Top of THE RECORDS
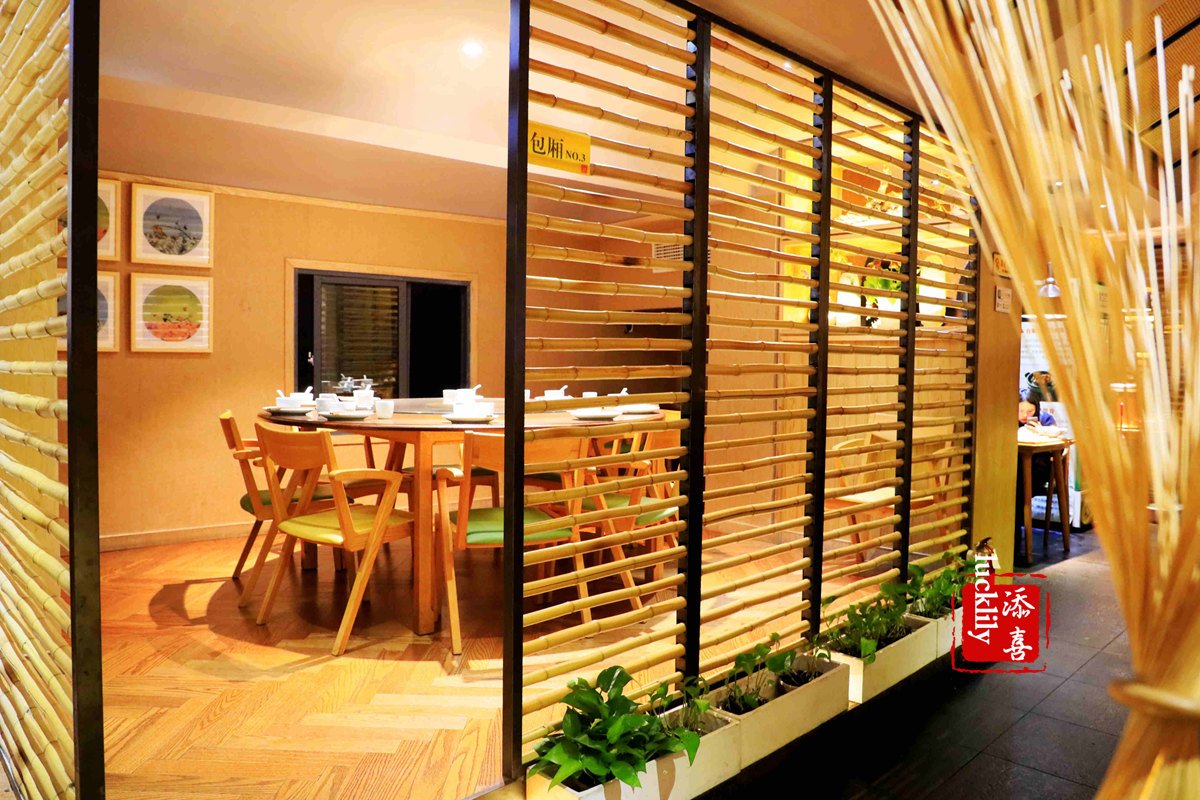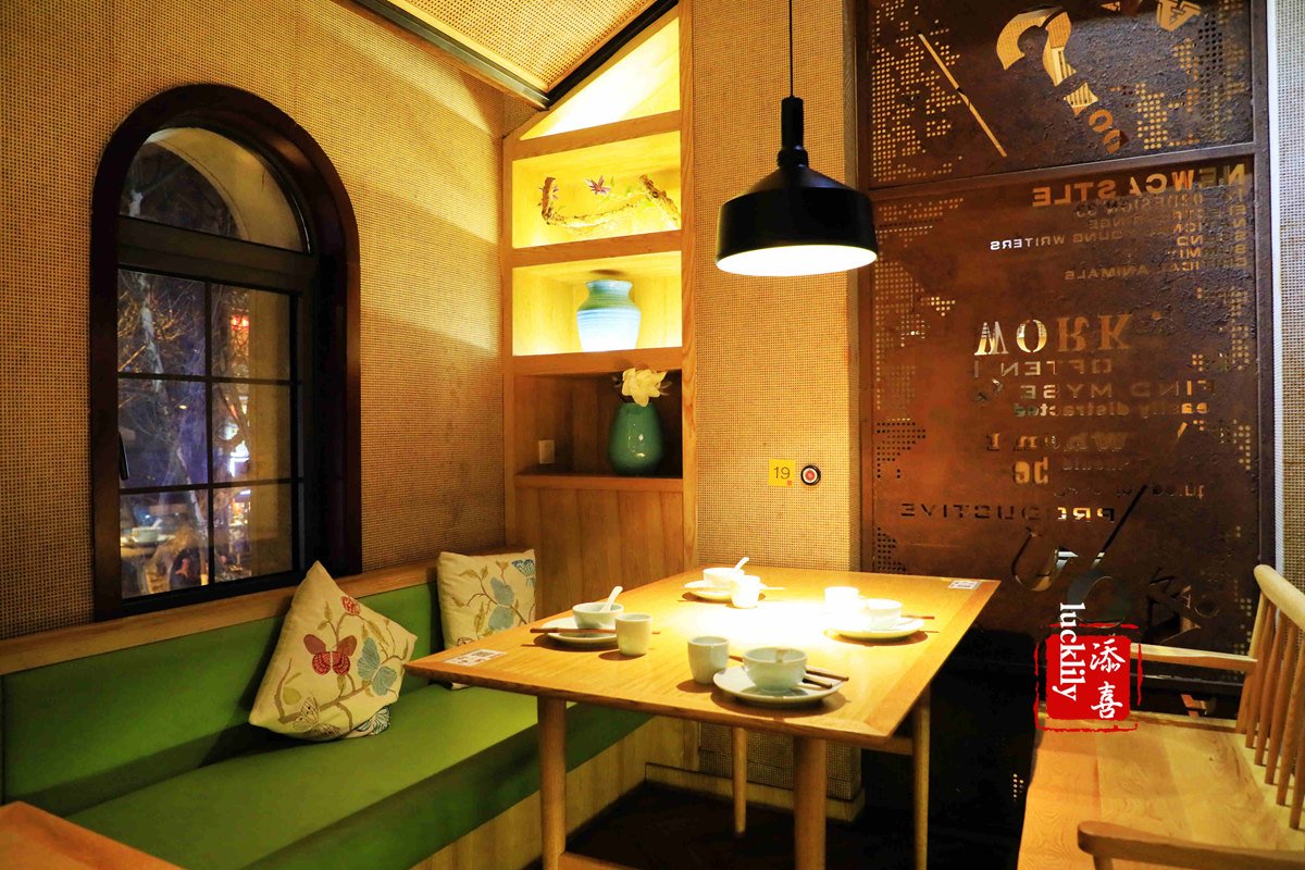 上达堂武林广场店的位置不错,中山北路沿街,近百井坊巷,二层楼,竹元素突显的空间布置,彰显衢州美食之乡的田园气息。
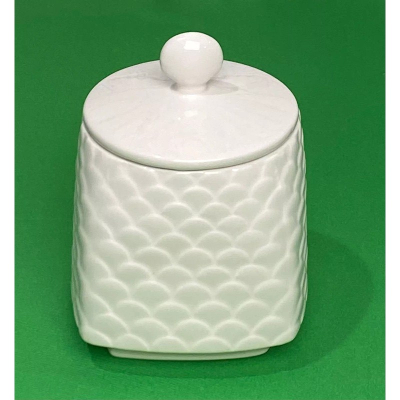 Bright White Fine Bone China Atlantis Embossed Scalloped Vanity Trinket Dish
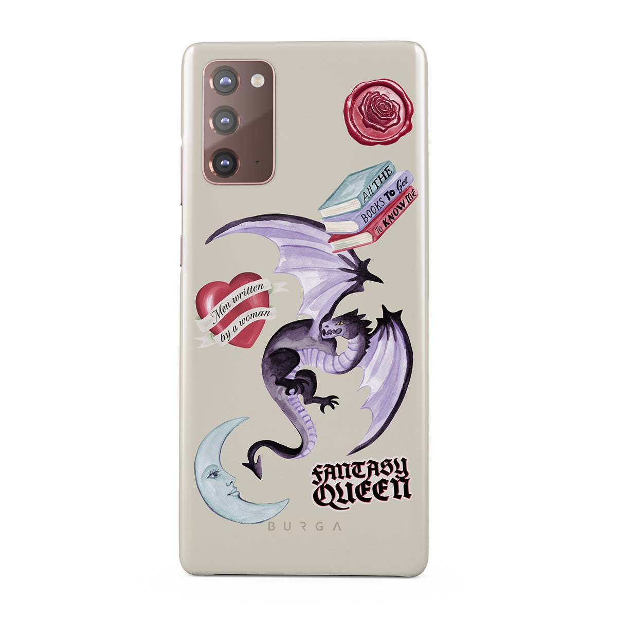 Este design contém: dragão roxo, adesivo "Rainha da Fantasia", lua crescente, lacre de cera roxa, coração com mensagem, livros.
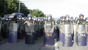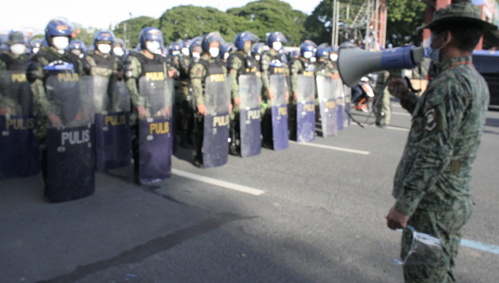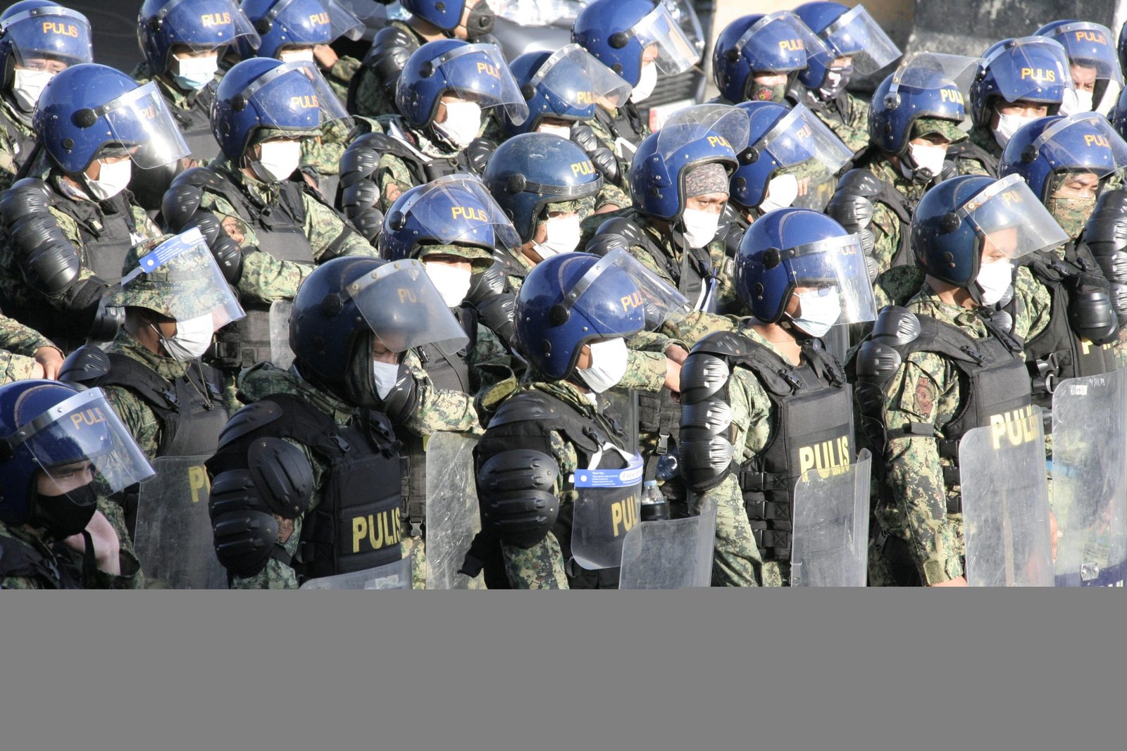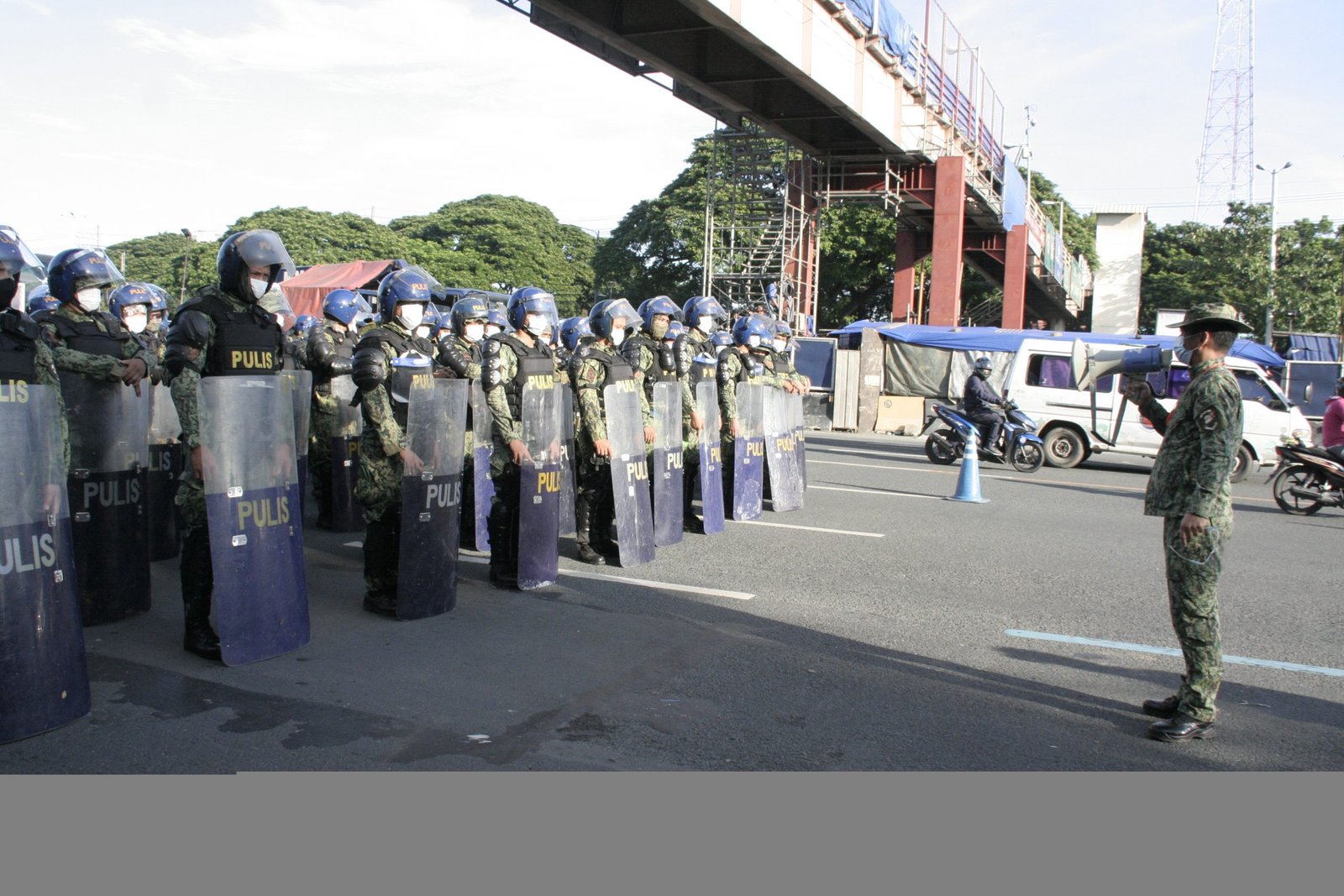 MAAGA pa lang ay handa na ang mga tauhan ng PNP NCRPO para harangin ang anumang grupo na magtatangkang magmartsa patungong House of Representatives para sa ikalimang State of the Nation Address ni Pangulong Rodrigo Duterte. (ED CASTRO)
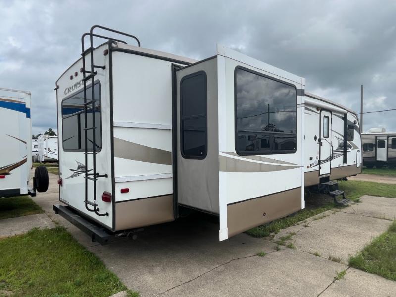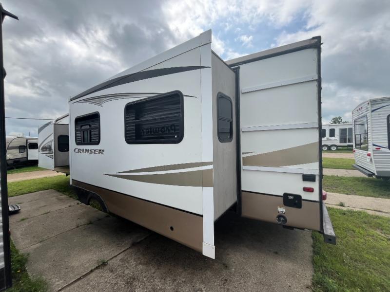 Triple Slide Cruiser Travel Trailer, Rear Entertainment Center, Sofa/Booth Dinette Slide, Refrigerator, Shower, Toilet, Lav., Med. Cab., Queen Bed Slide, Wardrobe w/Sliding Doors, Shelf, Chest of Drawers, TV, Linen, Coat Closet, Pantry, Microwave, 3-Burner Range, Dbl. Kitchen Sink, 2-Swivel Rockers Slide, Overhead Cabinets Throughout & Much More.
Bottom of THE RECORDS
Retype the data above exactly. Leave the pictures out.

## WRITTEN SOLUTION
 上达堂武林广场店的位置不错,中山北路沿街,近百井坊巷,二层楼,竹元素突显的空间布置,彰显衢州美食之乡的田园气息。
 Bright White Fine Bone China Atlantis Embossed Scalloped Vanity Trinket Dish
 Este design contém: dragão roxo, adesivo "Rainha da Fantasia", lua crescente, lacre de cera roxa, coração com mensagem, livros.
 MAAGA pa lang ay handa na ang mga tauhan ng PNP NCRPO para harangin ang anumang grupo na magtatangkang magmartsa patungong House of Representatives para sa ikalimang State of the Nation Address ni Pangulong Rodrigo Duterte. (ED CASTRO)
 Triple Slide Cruiser Travel Trailer, Rear Entertainment Center, Sofa/Booth Dinette Slide, Refrigerator, Shower, Toilet, Lav., Med. Cab., Queen Bed Slide, Wardrobe w/Sliding Doors, Shelf, Chest of Drawers, TV, Linen, Coat Closet, Pantry, Microwave, 3-Burner Range, Dbl. Kitchen Sink, 2-Swivel Rockers Slide, Overhead Cabinets Throughout & Much More.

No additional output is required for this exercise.